TO DO »
Please give, exactly as they appear below, the line with "On Feb. 4, President" and every line after it through the final one, and nothing else.

### INFORMATION GIVEN ###

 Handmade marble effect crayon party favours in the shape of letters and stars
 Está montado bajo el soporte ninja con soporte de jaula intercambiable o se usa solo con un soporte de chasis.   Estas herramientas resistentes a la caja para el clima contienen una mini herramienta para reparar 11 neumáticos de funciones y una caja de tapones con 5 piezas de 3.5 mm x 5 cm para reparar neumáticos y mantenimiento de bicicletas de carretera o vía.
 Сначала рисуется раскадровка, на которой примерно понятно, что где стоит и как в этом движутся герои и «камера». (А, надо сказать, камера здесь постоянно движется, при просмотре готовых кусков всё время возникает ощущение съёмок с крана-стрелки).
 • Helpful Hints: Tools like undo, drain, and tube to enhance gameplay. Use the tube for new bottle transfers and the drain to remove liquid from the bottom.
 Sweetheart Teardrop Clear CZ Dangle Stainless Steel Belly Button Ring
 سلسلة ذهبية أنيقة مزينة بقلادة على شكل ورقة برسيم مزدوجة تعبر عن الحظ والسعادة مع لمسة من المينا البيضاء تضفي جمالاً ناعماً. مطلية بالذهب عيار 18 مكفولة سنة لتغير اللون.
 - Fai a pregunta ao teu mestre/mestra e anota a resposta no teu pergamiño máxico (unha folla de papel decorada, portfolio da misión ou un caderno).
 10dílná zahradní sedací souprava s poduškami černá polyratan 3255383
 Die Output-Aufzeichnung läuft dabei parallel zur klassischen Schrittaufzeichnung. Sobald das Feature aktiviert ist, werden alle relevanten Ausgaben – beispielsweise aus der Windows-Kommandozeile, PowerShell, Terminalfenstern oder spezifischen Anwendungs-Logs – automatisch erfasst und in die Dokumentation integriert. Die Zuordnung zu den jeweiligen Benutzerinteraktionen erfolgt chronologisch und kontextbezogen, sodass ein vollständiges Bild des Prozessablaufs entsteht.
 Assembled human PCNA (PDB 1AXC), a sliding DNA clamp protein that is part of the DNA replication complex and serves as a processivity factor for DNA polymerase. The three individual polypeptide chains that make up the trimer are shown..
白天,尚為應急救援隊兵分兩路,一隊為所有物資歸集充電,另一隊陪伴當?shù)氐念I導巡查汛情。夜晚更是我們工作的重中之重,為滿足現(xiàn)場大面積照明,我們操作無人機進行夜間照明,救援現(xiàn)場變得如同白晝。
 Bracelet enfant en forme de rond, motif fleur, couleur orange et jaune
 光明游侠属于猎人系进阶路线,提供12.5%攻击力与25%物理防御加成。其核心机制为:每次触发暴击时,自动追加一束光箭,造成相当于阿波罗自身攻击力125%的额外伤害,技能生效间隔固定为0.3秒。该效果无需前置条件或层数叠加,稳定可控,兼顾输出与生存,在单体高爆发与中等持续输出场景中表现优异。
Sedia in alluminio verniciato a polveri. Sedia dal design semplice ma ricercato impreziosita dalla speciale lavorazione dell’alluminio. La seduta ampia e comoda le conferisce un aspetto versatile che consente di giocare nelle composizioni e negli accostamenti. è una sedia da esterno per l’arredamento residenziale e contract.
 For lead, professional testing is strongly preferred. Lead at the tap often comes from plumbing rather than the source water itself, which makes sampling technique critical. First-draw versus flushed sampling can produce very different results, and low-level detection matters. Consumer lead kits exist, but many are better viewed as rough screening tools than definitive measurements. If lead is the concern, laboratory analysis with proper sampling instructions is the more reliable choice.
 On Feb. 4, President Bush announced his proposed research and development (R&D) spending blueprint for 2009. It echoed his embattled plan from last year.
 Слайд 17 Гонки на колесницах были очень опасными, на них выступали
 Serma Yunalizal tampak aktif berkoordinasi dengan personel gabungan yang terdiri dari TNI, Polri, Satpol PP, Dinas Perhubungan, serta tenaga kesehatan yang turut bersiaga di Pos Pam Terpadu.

###

THE ANSWER »
 On Feb. 4, President Bush announced his proposed research and development (R&D) spending blueprint for 2009. It echoed his embattled plan from last year.
 Слайд 17 Гонки на колесницах были очень опасными, на них выступали
 Serma Yunalizal tampak aktif berkoordinasi dengan personel gabungan yang terdiri dari TNI, Polri, Satpol PP, Dinas Perhubungan, serta tenaga kesehatan yang turut bersiaga di Pos Pam Terpadu.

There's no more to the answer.